ADD REPLY • link 3.5 years ago by Torsten ▴ 10

0

Entering edit mode

SeqRecord comparison is deliberately not implemented.

Ok, I see I see, honestly, the above notice is a hilarious explanation (so someone 'deliberately did it wrong' does that make it any better?), but try either removing the line or replace with if not record: continue.

So to deal with missing records, the index works like a dictionary essentially, there are two ways like so:

    try: 
        bla = my_fasta['blastfemi']  # throws key error if not exists
    except: 
        pass
    bla = my_fasta.get('bloody blastfemi') # returns None if not exists 
    if bla:
        print(bla)

ADD REPLY • link 3.5 years ago by Michael 56k

score 1 · Answer 2 · 2022-04-08

Hi Torsten, now, when looking more deeply into your approach, unfortunately, I noticed that your method is invalid, for Eukaryotes at least. You wish to retrieve the BUSCO amino acid sequences using the genomic coordinates in the output file full_table.tsv. However, these are gene start and end coordinates, and they are unlikely to yield a correctly spliced CDS. For bacteria, this might work, but even there frameshifts could occur. Therefore doing the translation will likely give incorrect results. Better output the complete gene nucleotide sequence and run transeq to get all 6 reading frames, or blast the sequences using blastx.

Also, there is a much better way to get all the sequences from a BUSCO run: look into the folder <output_folder>/run_<lineage>_odb10/busco_sequences there are three sub directories: fragmented_busco_sequences/ multi_copy_busco_sequences/ single_copy_busco_sequences/ which contain the respective detected AA-sequences.
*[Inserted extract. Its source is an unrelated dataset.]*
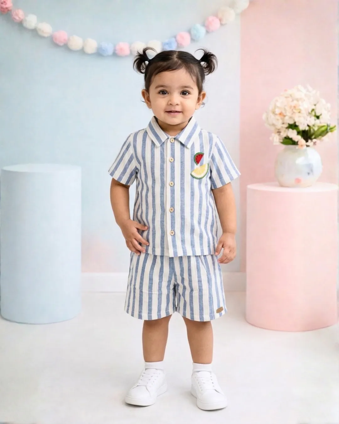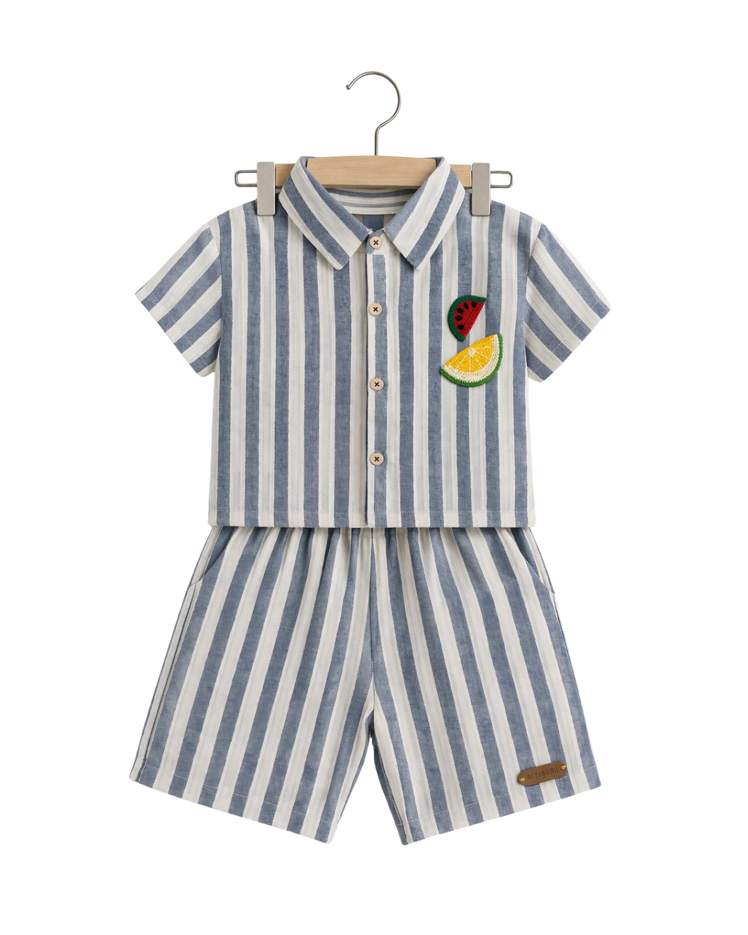 Fresh, breezy, and effortlessly cute—this striped co-ord set is made for sunny days and happy moments. Designed with soft vertical stripes and playful citrus patch detailing, it brings a light, cheerful vibe to your little one’s wardrobe.

The extraction method could still be useful for other things, so I am leaving it here.

score 0 · Answer 3 · 2022-04-07

Here is a perl/bioperl script that does the same as the python code. It requires to install BioPerl.

usage: perl buscoExtract.pl genome.fasta busco.txt

#!/usr/bin/env perl
use strict;
use warnings;
use Bio::DB::Fasta;
use Bio::SeqIO;
## adding simple whitespace trimming just in case
sub trim {my $s = shift; $s =~ s/^\s+|\s+$//g; return $s};

my $out = Bio::SeqIO->new( -format => "Fasta" ); 
# Create database from a single Fasta file or even a whole directory of files
# Creates a persistent index file on disk the first time it is run by parsing the sequence identifiers
# This index makes it possible to randomly access the sequences without being loaded into memory
# BioPython doesn't have anything comparable
my $db = Bio::DB::Fasta->new($ARGV[0]);
open my $buscos, $ARGV[1] || die "could not open busco file $!";
while (<$buscos>) {
  chomp;
  next if /^\s*\#|^\s*$/; # skip comments and blank lines
  my @p = split "\t";
  @p = map {trim($_)} @p; # trim trailing whitespace from the array
  #print join ',', @p;
  next unless $p[1] eq 'Complete';
  my $seq =  $db->seq($p[2],$p[3],$p[4],$p[5]); # check if the index is 0 or 1 based in the busco output!
  $p[9] =~ s/\s/_/g;
  my $id = 'SCR0023_' . $p[9] . '_' . $p[0];
  $seq = Bio::Seq->new(-seq => $seq, -display_id => $id, -description => $p[9]);
  $out->write_seq($seq); ## translation of unspliced genomic sequence is moot
}

__END__

#BUSCOID    STATUS  SEQID   START   STOP    STRAND  6   7   8   DESCRIPTION
616 Complete        LSalAtl2s1   100    200 -   bla blubb   foo GeneOfDeath (you got me)
6112    Complete    LSalAtl2s1  300 333 +   bla blubb   foo GeneOfDeath-like (you got me too)
6113    Complete    LSalAtl2s2  1000    1400    +   bla blubb   foo GeneOfDeath-like (you got me too)

Output:

>SCR0023_GeneOfDeath_(you_got_me)_616 GeneOfDeath_(you_got_me)
FSFPSF*IFSKI*FY*EKYTIENLMEYLHFNEI
>SCR0023_GeneOfDeath-like_(you_got_me_too)_6112 GeneOfDeath-like_(you_got_me_too)
KKISSLTKFTH
>SCR0023_GeneOfDeath-like_(you_got_me_too)_6113 GeneOfDeath-like_(you_got_me_too)
VPTTFVVRYEYIHFPFWLIDNIAMIKHNLINNGTLHFRIMNWFL*MMVQNSYTLHRAALW
PMLDLKEI*LSIRYIILIR*MQQICFWRHLV*KLKSITILM*KVQVQ*LLNIMNAQRYIQ
TLKQKNAYFPSNL

When running this process in an infinite loop on a fasta file of size 673MB, the process uses no more than 11.7 MB of memory.